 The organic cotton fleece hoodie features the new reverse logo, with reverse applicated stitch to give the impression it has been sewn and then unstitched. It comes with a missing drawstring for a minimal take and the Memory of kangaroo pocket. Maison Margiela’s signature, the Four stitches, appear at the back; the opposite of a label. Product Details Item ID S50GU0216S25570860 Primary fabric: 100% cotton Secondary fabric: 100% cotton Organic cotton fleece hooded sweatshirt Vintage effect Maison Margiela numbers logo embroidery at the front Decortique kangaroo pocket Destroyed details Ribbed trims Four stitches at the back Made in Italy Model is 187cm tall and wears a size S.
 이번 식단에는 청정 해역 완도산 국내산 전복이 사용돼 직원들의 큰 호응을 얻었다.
##############################
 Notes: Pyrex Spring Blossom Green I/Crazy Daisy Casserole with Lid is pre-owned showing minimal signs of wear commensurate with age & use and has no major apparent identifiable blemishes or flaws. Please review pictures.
##############################
As the answer, set down only the lines from the data above between the one holding "The organic cotton" and the one holding "이번 식단에는 청정 해역", inclusive, exactly as they read.

 The organic cotton fleece hoodie features the new reverse logo, with reverse applicated stitch to give the impression it has been sewn and then unstitched. It comes with a missing drawstring for a minimal take and the Memory of kangaroo pocket. Maison Margiela’s signature, the Four stitches, appear at the back; the opposite of a label. Product Details Item ID S50GU0216S25570860 Primary fabric: 100% cotton Secondary fabric: 100% cotton Organic cotton fleece hooded sweatshirt Vintage effect Maison Margiela numbers logo embroidery at the front Decortique kangaroo pocket Destroyed details Ribbed trims Four stitches at the back Made in Italy Model is 187cm tall and wears a size S.
 이번 식단에는 청정 해역 완도산 국내산 전복이 사용돼 직원들의 큰 호응을 얻었다.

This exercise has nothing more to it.